Yahoo Announces Largest Machine Learning Dataset For Researchers

Yahoo announces the public release of the largest-ever machine learning dataset to the research community. According to the company, the dataset stands at a massive ~110B events (13.5TB uncompressed) of anonymized user-news item interaction data, which was collected by recording the user-news items interactions of about 20M users from February 2015 to May 2015.
 
Yahoo in its official blog post states:
 
“Today, we are proud to announce the public release of the largest-ever machine learning dataset to the research community.”
 
The company informed us about its goal:
 
“Our goals are to promote independent research in the fields of large-scale machine learning and recommender systems, and to help level the playing field between industrial and academic research. The dataset is available as part of the Yahoo Labs Webscope data-sharing program, which is a reference library of scientifically-useful datasets comprising anonymized user data for non-commercial use.”
 
Along with the interaction data, Yahoo is also proving categorized demographic information (age range, gender, and generalized geographic data) for a subset of the anonymized users. They are also releasing the title, summary, and key-phrases of the pertinent news article.
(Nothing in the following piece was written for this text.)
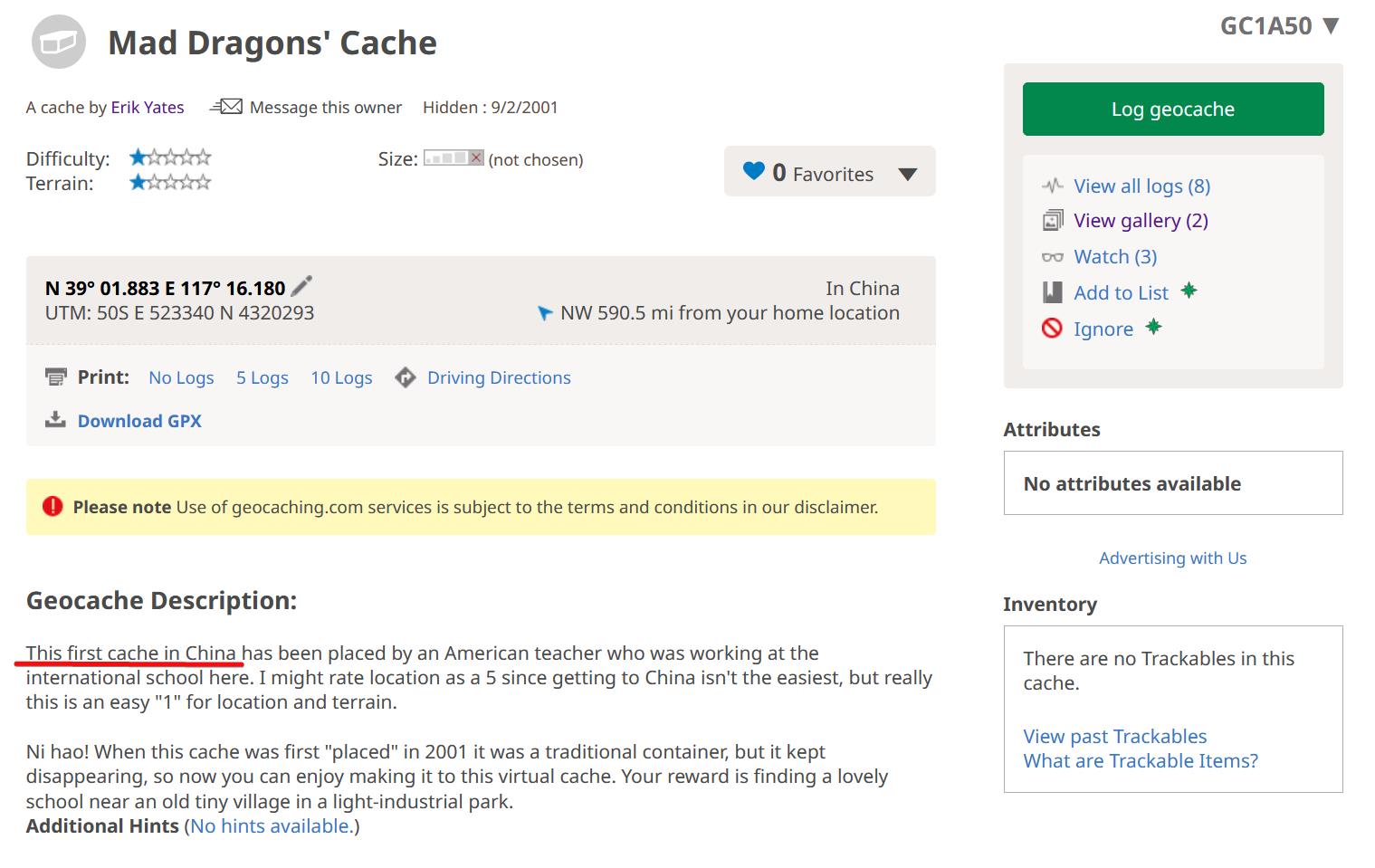 在2025年10月31日之前,根据project-gc上查询的数据,我们都认为中国最早的藏点是:Great Wall Treasure at Simatai https://www.geocaching.com/geocache/GC1CE0 (以下简称司马台)。

Yahoo informed its users that the interaction data is timestamped with the relevant local time and it also contains partial information about the devices on which the users accessed the news feeds.
 
The company concluded by saying:
 
“We hope that this data release will similarly inspire our fellow researchers, data scientists, and machine learning enthusiasts in academia, and help validate their models on an extensive, “real-world” dataset. We strongly believe that this dataset can become the benchmark for large-scale machine learning and recommender systems, and we look forward to hearing from the community about their applications of our data. Happy (large-scale) machine learning in 2016!”